▸ Supplied material:
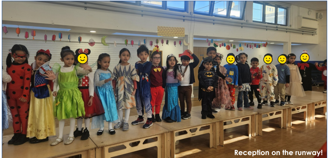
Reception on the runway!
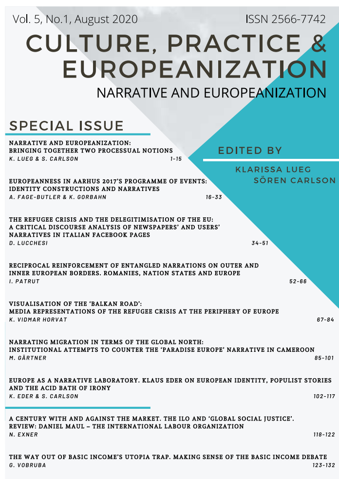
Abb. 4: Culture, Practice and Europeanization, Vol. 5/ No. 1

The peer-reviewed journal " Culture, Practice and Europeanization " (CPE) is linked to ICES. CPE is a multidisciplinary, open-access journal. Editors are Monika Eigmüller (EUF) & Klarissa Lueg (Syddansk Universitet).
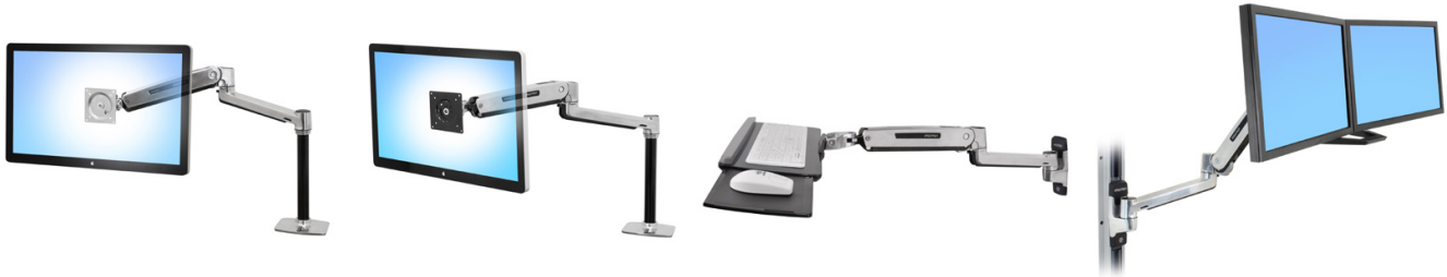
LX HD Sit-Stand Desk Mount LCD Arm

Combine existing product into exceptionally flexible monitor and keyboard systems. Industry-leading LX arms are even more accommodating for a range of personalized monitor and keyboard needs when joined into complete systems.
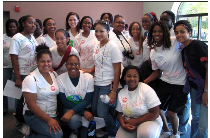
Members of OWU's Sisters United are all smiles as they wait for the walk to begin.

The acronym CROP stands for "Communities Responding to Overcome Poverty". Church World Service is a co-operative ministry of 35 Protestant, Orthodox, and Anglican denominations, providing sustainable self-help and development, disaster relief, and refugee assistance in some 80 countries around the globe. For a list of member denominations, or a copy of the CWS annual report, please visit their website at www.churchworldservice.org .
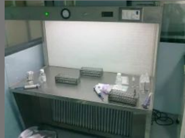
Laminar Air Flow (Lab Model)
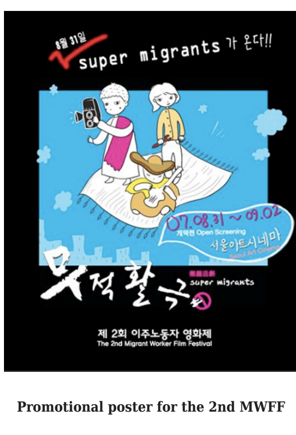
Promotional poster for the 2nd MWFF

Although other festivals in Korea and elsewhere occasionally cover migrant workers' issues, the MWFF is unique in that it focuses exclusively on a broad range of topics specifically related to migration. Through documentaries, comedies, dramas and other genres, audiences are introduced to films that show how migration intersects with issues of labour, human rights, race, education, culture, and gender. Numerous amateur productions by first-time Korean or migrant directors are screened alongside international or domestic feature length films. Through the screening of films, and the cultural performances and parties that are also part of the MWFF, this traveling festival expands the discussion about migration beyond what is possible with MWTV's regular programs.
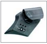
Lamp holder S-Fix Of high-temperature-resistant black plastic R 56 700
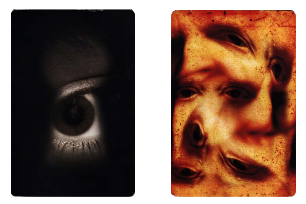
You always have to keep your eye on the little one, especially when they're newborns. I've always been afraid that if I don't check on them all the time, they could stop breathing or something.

▸ Required work:
What is needed is every line of the records that contains the word "when".

▸ Written solution:
Combine existing product into exceptionally flexible monitor and keyboard systems. Industry-leading LX arms are even more accommodating for a range of personalized monitor and keyboard needs when joined into complete systems.
You always have to keep your eye on the little one, especially when they're newborns. I've always been afraid that if I don't check on them all the time, they could stop breathing or something.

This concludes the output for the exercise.